** Opening INPUT DATA block **

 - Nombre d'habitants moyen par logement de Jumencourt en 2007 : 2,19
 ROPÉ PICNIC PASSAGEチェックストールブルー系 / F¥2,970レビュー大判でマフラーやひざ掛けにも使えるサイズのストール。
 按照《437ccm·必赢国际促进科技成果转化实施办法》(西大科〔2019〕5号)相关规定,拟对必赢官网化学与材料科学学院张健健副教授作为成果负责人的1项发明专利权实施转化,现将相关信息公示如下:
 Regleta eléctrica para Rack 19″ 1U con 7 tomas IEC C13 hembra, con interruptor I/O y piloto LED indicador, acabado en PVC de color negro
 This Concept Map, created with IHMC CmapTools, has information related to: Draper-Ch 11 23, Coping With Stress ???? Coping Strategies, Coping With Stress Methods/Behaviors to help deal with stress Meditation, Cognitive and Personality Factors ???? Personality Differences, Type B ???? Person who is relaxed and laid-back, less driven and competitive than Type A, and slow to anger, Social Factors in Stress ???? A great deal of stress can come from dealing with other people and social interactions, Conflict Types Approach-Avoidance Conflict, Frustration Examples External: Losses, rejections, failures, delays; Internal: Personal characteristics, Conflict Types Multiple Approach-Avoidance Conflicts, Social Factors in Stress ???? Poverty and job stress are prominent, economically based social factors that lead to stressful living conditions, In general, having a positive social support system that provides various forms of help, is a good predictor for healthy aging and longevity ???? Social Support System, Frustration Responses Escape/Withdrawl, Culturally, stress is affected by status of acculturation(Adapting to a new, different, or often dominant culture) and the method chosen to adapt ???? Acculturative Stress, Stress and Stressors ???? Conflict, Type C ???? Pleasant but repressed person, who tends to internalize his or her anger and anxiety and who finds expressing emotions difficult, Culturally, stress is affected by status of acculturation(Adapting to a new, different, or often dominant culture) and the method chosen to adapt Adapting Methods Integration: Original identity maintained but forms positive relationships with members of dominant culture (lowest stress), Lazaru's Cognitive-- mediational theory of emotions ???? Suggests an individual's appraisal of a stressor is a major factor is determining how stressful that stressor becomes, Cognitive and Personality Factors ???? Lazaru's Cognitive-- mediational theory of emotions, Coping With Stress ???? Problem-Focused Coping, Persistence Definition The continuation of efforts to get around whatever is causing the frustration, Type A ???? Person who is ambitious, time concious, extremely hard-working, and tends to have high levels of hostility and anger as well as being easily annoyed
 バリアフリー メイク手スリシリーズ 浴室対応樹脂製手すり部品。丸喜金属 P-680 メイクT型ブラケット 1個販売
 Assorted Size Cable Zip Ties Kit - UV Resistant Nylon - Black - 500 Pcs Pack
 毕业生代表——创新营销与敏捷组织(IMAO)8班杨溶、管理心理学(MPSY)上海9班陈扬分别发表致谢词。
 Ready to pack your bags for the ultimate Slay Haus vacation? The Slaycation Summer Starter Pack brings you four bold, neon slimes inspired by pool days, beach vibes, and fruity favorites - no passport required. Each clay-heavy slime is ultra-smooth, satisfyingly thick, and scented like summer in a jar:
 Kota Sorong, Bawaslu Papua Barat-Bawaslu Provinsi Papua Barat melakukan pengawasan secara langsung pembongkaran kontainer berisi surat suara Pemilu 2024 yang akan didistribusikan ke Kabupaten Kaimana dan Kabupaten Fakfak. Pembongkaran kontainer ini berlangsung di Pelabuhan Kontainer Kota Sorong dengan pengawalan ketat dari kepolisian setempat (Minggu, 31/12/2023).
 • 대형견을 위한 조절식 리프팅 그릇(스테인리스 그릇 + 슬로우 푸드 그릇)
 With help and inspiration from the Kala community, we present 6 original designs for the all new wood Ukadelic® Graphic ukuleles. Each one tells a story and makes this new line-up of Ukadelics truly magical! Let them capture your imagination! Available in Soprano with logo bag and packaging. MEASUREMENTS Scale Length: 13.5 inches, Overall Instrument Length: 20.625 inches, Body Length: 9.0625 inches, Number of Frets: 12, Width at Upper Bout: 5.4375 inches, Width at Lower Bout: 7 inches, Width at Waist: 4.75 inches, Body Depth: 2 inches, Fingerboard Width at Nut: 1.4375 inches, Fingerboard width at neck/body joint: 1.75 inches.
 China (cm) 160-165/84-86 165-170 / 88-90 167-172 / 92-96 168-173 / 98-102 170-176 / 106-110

** Closing INPUT DATA block **

§ WHAT TO DO
Your task is to reproduce, exactly and exclusively, the lines from the one holding "그릇 + 슬로우 푸드 그릇)" through the final line of the listing.

§ TASK RESULT
 • 대형견을 위한 조절식 리프팅 그릇(스테인리스 그릇 + 슬로우 푸드 그릇)
 With help and inspiration from the Kala community, we present 6 original designs for the all new wood Ukadelic® Graphic ukuleles. Each one tells a story and makes this new line-up of Ukadelics truly magical! Let them capture your imagination! Available in Soprano with logo bag and packaging. MEASUREMENTS Scale Length: 13.5 inches, Overall Instrument Length: 20.625 inches, Body Length: 9.0625 inches, Number of Frets: 12, Width at Upper Bout: 5.4375 inches, Width at Lower Bout: 7 inches, Width at Waist: 4.75 inches, Body Depth: 2 inches, Fingerboard Width at Nut: 1.4375 inches, Fingerboard width at neck/body joint: 1.75 inches.
 China (cm) 160-165/84-86 165-170 / 88-90 167-172 / 92-96 168-173 / 98-102 170-176 / 106-110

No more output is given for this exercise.